May 15, 2007

 

 Senate hearing examines safety, recall of pet food - May 15, 2007

 

 
Testimony focuses on measures to prevent contamination
and limit exposure

 
posted May 1, 2007
 
 

The recent recall of cat and dog food has raised broad concerns about food safety, oversight of pet food, and manufacturing practices. At an April 12 Senate hearing, veterinarians and other witnesses offered their perspectives on the issues.

The experts said no one could have foreseen that melamine, which has uses as a fertilizer in Asia and in the production of plastics, might contaminate the wheat gluten that is an ingredient in certain pet foods—or that melamine or an accompanying agent might contribute to kidney failure in cats and dogs. In hindsight, though, some legislators believe regulations and response still could have been better.

"There are a lot of questions to ask, and we need answers," said Sen. Dick Durbin of Illinois, who called for the hearing. "That's why we're here today—to learn who's inspecting pet food manufacturing plants, what goes into that food, and whether we need to update our food safety system to protect pets and human health."

During the hearing, the senators also sought more details about the recall from representatives of the Food and Drug Administration.

Dr. Stephen F. Sundlof, director of the FDA Center for Veterinary Medicine, testified that the agency had tracked the major shipments of the suspect wheat gluten from China but continued tracing the ingredient pound by pound. An interplant transfer led Menu Foods to recall certain products from an Ontario plant almost a month after the manufacturer initially recalled products from plants in Kansas and New Jersey.

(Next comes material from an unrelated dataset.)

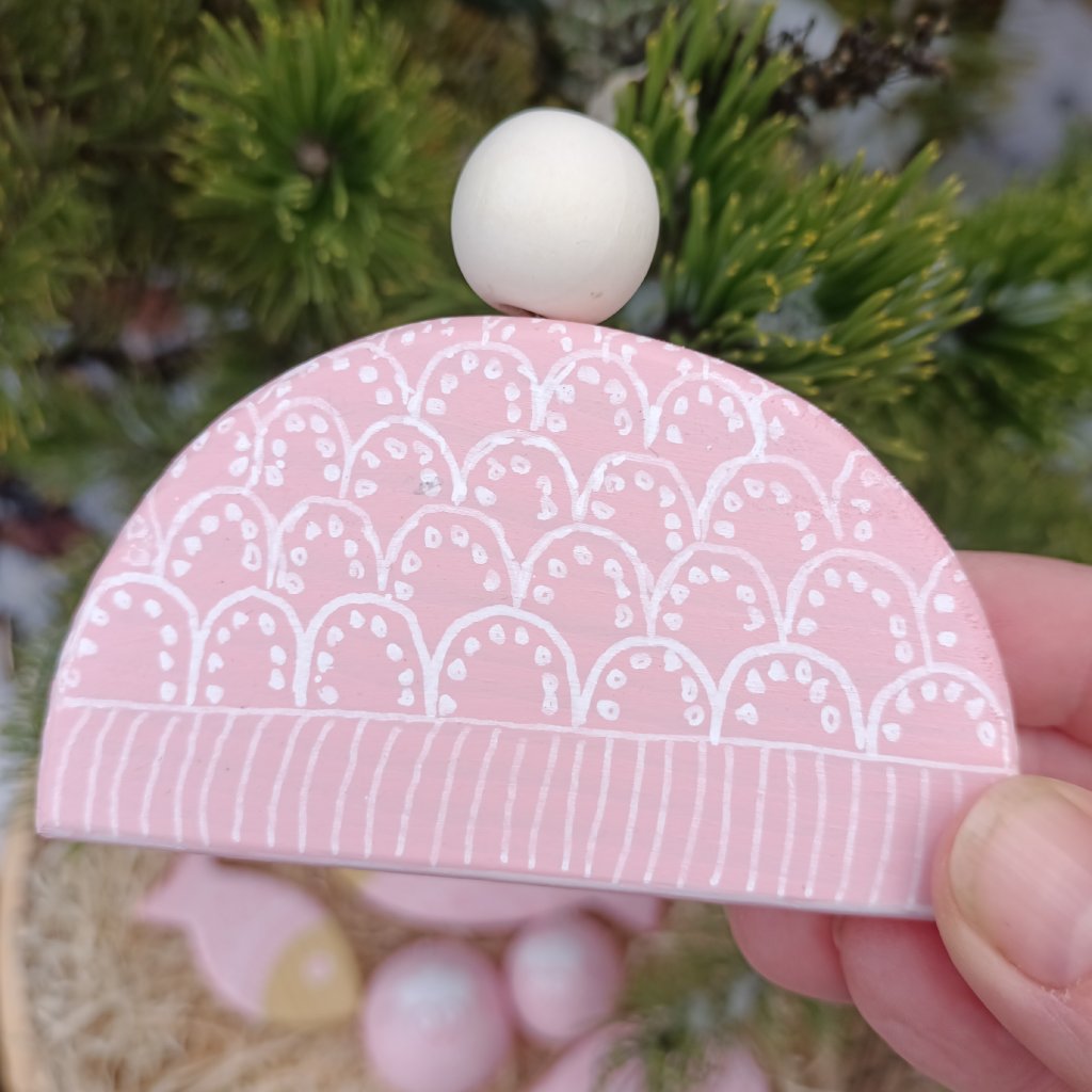 "PLETENÁ RŮŽOVÁ"- sada dřevěných ozdob na stromeček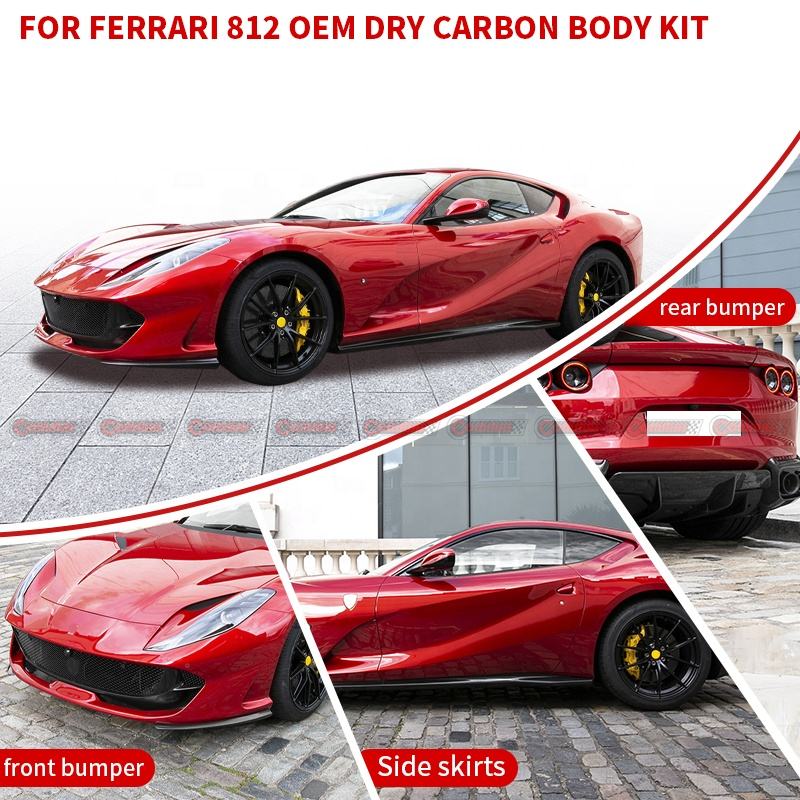 ชุดแต่งตัวถังรถยนต์คาร์บอนไฟเบอร์แบบแห้งสไตล์ OEM รุ่นใหม่ สำหรับ Ferrari 812 GTS ช่องระบายอากาศด้านหน้า สเกิร์ตข้าง สปอยเลอร์หลัง

Steven Solomon of the FDA Office of Regulatory Affairs, who has been leading the field investigation, testified that the agency has visited hundreds of stores in the United States to ensure that retailers are removing all the products that multiple manufacturers have recalled.

Food safety system 

Many of Sen. Durbin's inquiries about the recall related to the structure of the national food safety system, which divides jurisdiction for human and animal foods among multiple government bodies. He has introduced legislation to establish a single agency that would consolidate these responsibilities.

 

Early in his line of questioning, Sen. Durbin asked whether the FDA has the legal authority to issue a mandatory recall.

"We don't have that mandatory authority," Dr. Sundlof said. "We have other measures that we can use to make sure that contaminated product doesn't get into the market, such as seizure of product, if we need to go that far."

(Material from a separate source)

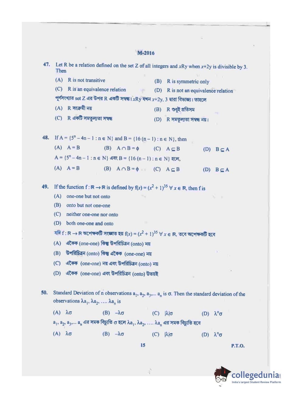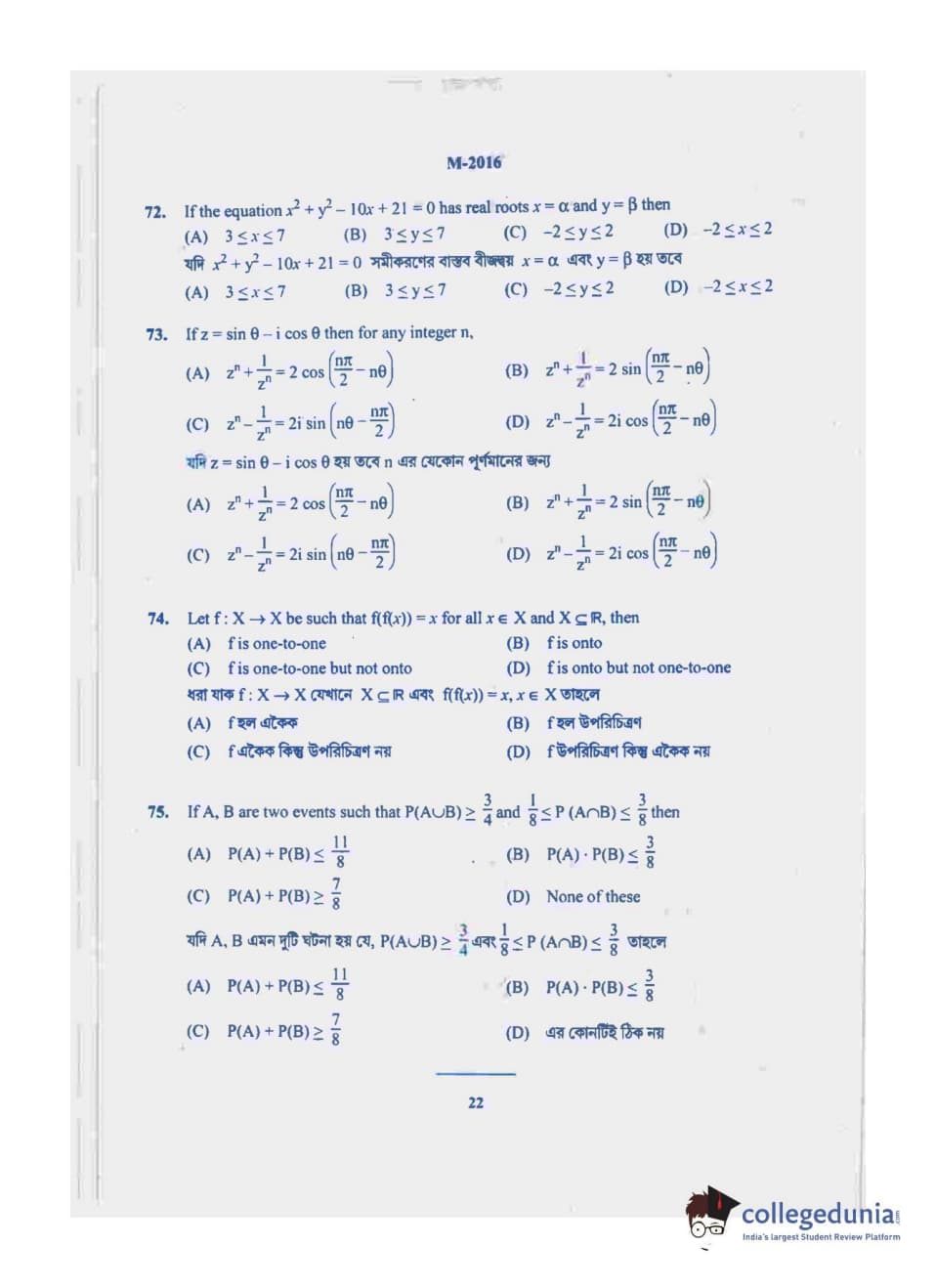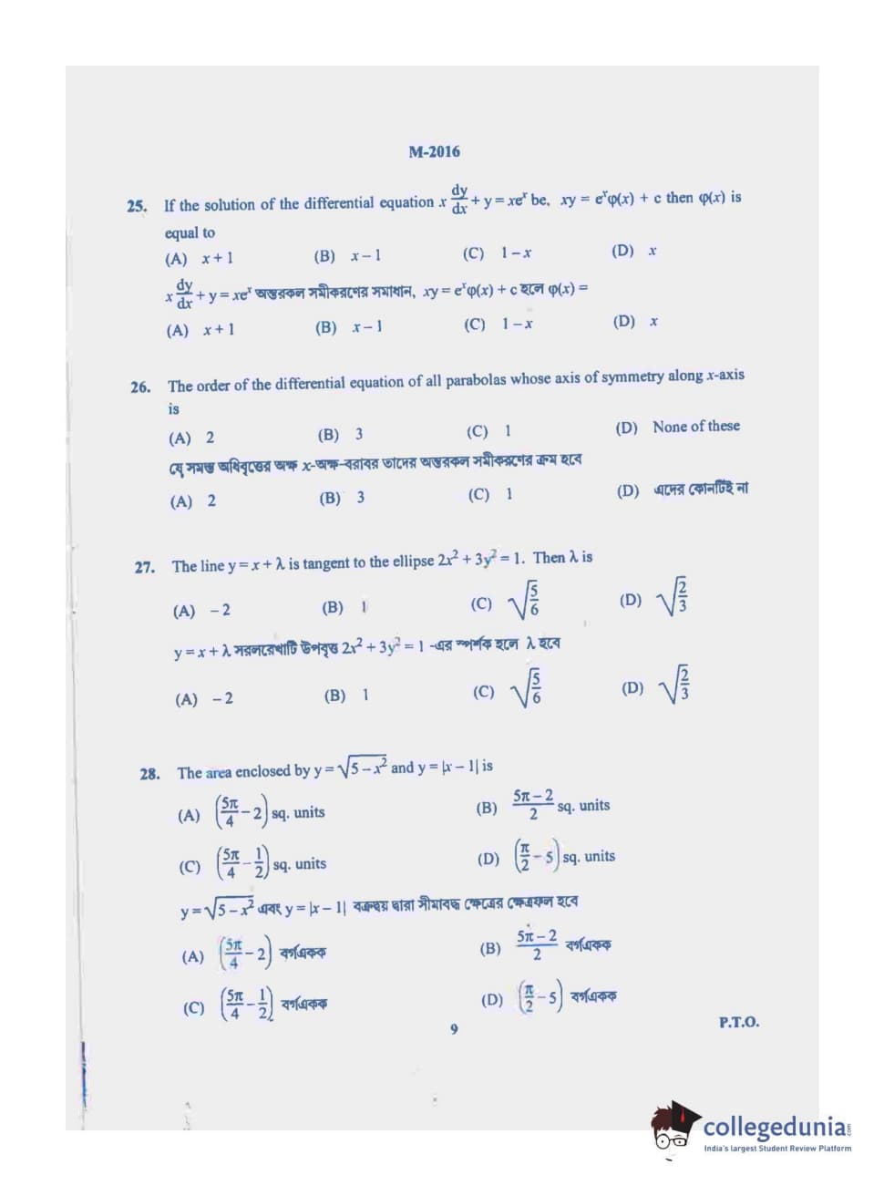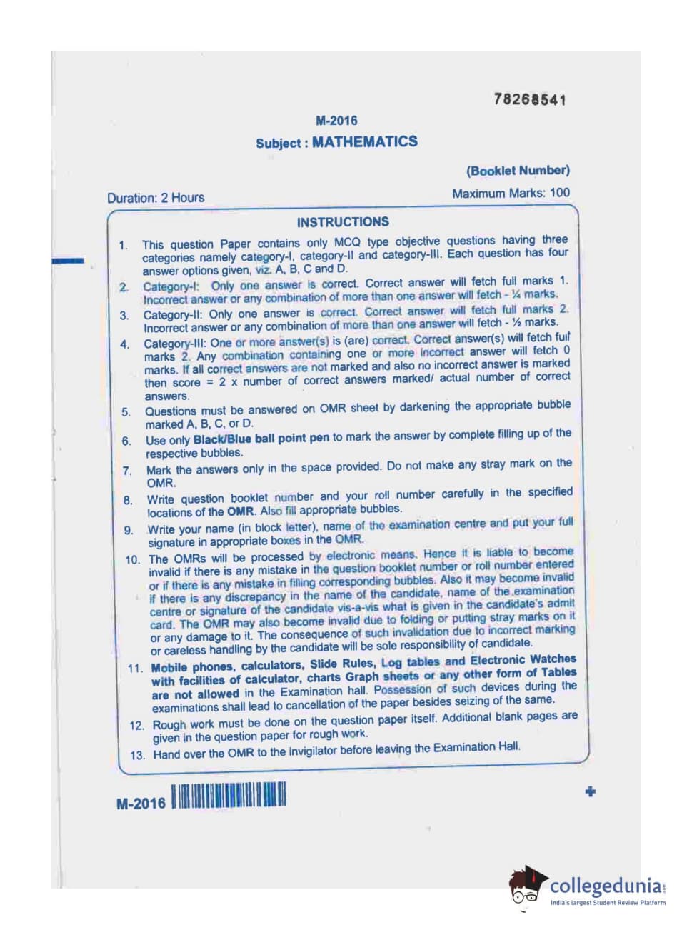 WBJEE 2016 Mathematics Question paper with answer key pdf conducted on May-17 in Forenoon Session is available for download. The exam was successfully organized by West Bengal Joint Entrance Examination Board (WBJEEB). In terms of difficulty level, WBJEE was of Easy level. The question paper comprised a total of 75 questions.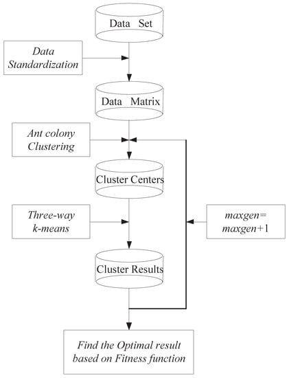 Because the clustering results of the standard three-way k-means algorithm depend on the selection of initial centers they easily succumb to the problem of local optimization. To overcome this problem, this paper presents an improved three-way k-means algorithm by integrating the ant colony algorithm and three-way k-means. An original element of this paper is the application of clustering centers obtained by the ant colony algorithm to the three-way k-means, which makes up for the shortcomings of the three-way k-means clustering algorithm due to the random selection of clustering centers. Figure 3 presents a flowchart of the proposed algorithm.

Then, Sen. Durbin referred to his experience working in a meat-packing facility in East St. Louis when he was in college. Inspectors from the Department of Agriculture were always on the scene, Sen. Durbin said. He inquired about the frequency with which the FDA inspects manufacturers of pet food.

Dr. Sundlof said the FDA has inspected about 30 percent of U.S. manufacturers of pet food in the past 3 1/2 years. Most of the inspections were to check for proper labeling of certain beef products to prevent the spread of bovine spongiform encephalopathy.

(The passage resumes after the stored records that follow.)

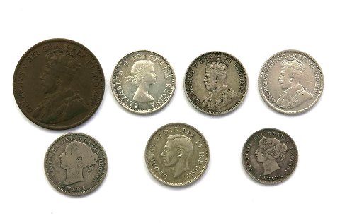 Canada, Victoria, George V, George VI og Elizabeth II, 5 Cents, sølv og 10 Cents, sølv + 1 cent 1917(7)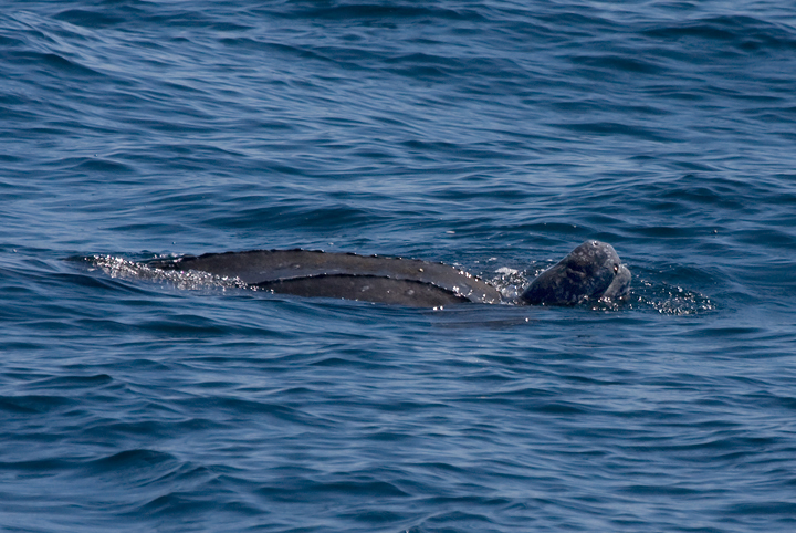 Above and below: One of four Atlantic Leatherback Sea Turtles (Dermochelys coriacea) we observed in Maryland waters near Baltimore Canyon (8/16/2009). This was a dream sighting for many of us. Leatherbacks are the world's largest turtle species--they can grow to 2 meters long and weigh over 2,000 pounds. It is the sole living representative from an ancient lineage dating back 100 million years. Simply awesome.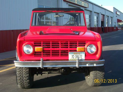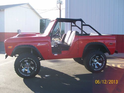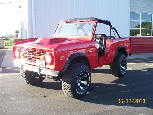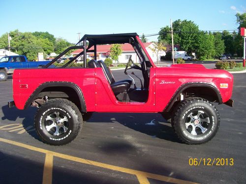 1970 Ford Bronco, Has 3" Lift, 33" BFG tires on 15X10 Cepek wheels. Engine is a 302, Aluminum heads, intake and carb from Edelbrock. 3" Flowmaster Exhaust. Has NO hardtop or doors. Has fiberglass inserts for easy removal. Only driven seldom in perfect summer weather since completed resto.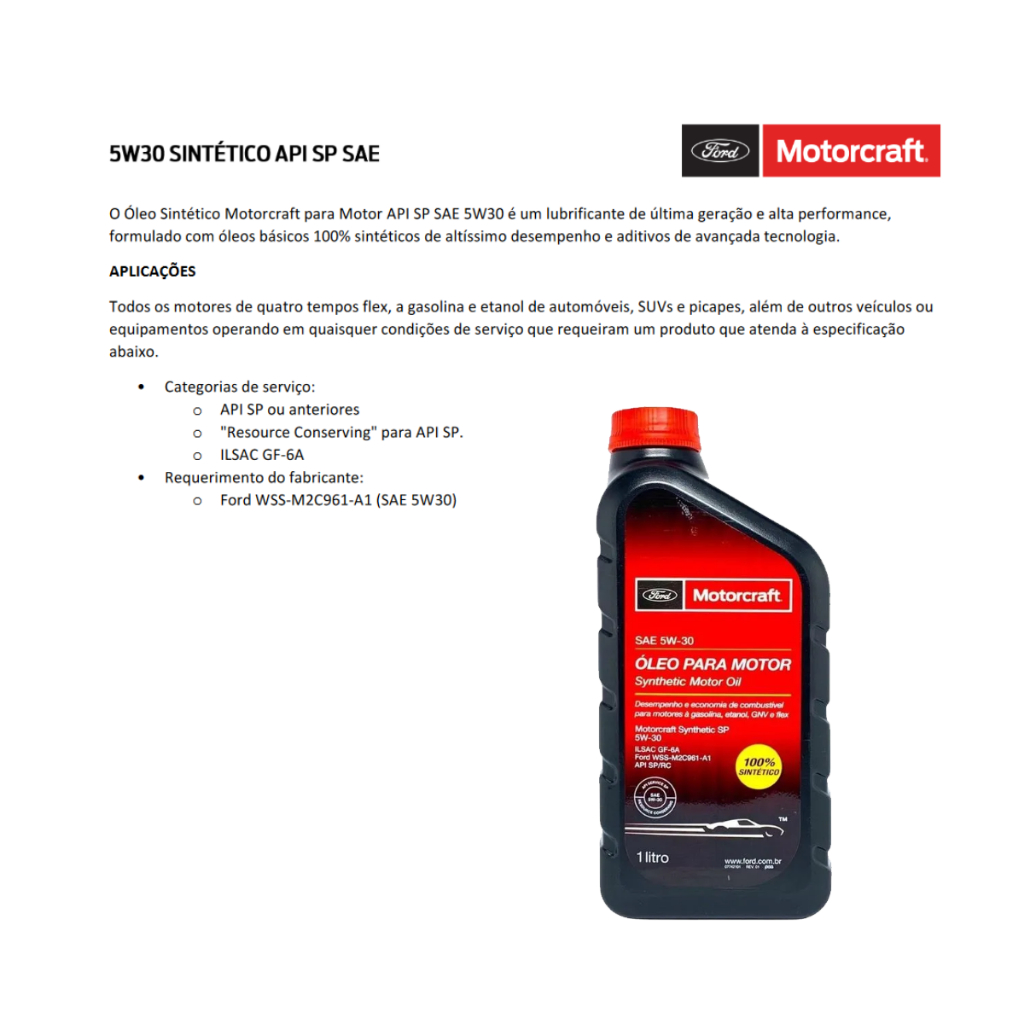 Descricao do produto: Aplicacao: Descricao do produto: Kit troca de oleo Ford Motorcraft Original Aplicacoes do kit: COURIER 1997 1998 1999 2000 2001 2002 2003 2004 2005 2006 2007 2008 2009 2010 2011 2012 2013 KA 1997 1998 1999 2000 2001 2002 2003 2004 2005 2006 2007 2008 2009 2010 2011 2012 2013 2014 2015 2016 2017 FIESTA ROCAM 2002 2003 2004 2005 2006 2007 2008 2009 2010 2011 2012 2013 2014 ECOSPORT 2003 2004 2005 2006 2007 2008 2009 2010 2011 2012 2013 2012 2013 2014 2015 2016 2017 FOCUS 2000 2001 2002 2003 2004 2005 2006 2007 2008 2009 2010 2011 2012 2013 2014 2015 2016 2017 FUSION 2009 2010 2011 2012 (motores 2.5 e v6) NOVO FUSION 2013 2014 2015 2016 2017 (A PARTIR DO MY2018 SOMENTE 2.0L ECOBOOST) NEW FIESTA 2010 2011 2012 2013 2014 2015 2016 2017 Conteudo: 4 litros de oleo 5W30 - BXO5W30GA - WSS M2C961-A1 API SPRC 1 filtro de oleo - BJ3A6714AA 1 etiqueta Motorcraft para marcacao de troca do oleo FAVOR FORNECER O CHASSI DO VEICULO PARA CONFIRMAR A APLICACAO DAS PECAS! Marca: Aplicacao universal ou nao informada, se tiver duvida, nos faca uma pergunta.

"But there have been many that were for other reasons," he said. "Some of them were just routine inspections. Others were for cause."

Dr. Sundlof said the FDA bases the level of inspection on the risks from products, partly because of limitations on resources, and pet food traditionally has been very safe.

"I think what's happened with pet food contamination is an indication that we are not dedicating the most basic resources to this endeavor," Sen. Durbin replied.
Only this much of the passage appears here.